None of the other alternatives are correct

$25,970

2.

Tiki Company has a building that cost $2,000,000 new and is 50% depreciated. The market value of the building is $3,000,000 at year end. Tiki will show on its year end balance sheet

The building at cost

The building at net book value

None of the above

The building at market

The building at both cost and net book value

3.

A company buys land and building for $240,000. The market value of the land is $150,000 and the building is $30,000. What cost will be allocated to the building?
$240,000
$40,000
$192,000
None of the other alternatives are correct
$120,000
4. The Electric Company buys machinery for $500,000 and gives a promissory note to pay dated 2 years from the purchase date. Interest at 10% and principal are to be repaid at maturity. The life of the asset is also estimated to be two years with no salvage and straight line depreciation is used. We can say that on the purchase date:
The liability will be offset from the asset but the total asset amount will increase by the amount of the discount amortization each period.
None of the above
The amount shown for the asset on the balance sheet will differ than the amount shown for the liability
The amount shown for the asset on the balance sheet will be the same as the amount shown for the liability
The liability will be offset from the asset until paid so initially the transaction will have no effect on total assets

Solutions

Expert Solution

Question 1

The company received trade-in allowance of $25,970 against the equipment with book value of $24,970. The company received $1,000 extra for the old equipment than its book value.

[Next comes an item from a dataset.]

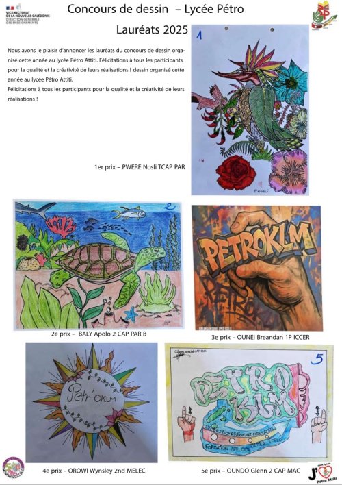A l’issue de la matinée festive Pétr’Oklm du 5 novembre dernier au cours de laquelle ont été exposées les œuvres des élèves participants au concours de dessins, le jury a classé les 5 lauréats suivants :

This is profit.

Correct answer: $1,000 gain

Question 2

The value of asset is shown at the net book value i.e., cost less accumulated depreciation. The building with cost of $2,000,000 is depreciated 50%. The accumulated depreciation is $1,000,000 and net book value is $1,000,000. The building will be shown at $1,000,000 in the balance sheet.

Correct answer: The building at net book value

Question 3

The cost of land and building is separated in proportion ot the market value of land and building. The cost of land and building of $240,000 is divided in proportion of market value of land ($150,000) and buidling ($30,000).

Cost allocated to buiding = 240,000/(150,000+30,000)*30,000 = $40,000

Correct answer: $40,000

Question 4

If the asset is purchased by issue of note, then Asset A/c will be debited with the cost of asset and Notes payable A/c is credited with the cost of asset. The interest is recorded as expenses whenever it is incurred.

Correct answer: The amount shown for the asset on the balance sheet will be the same as the amount shown for the liability.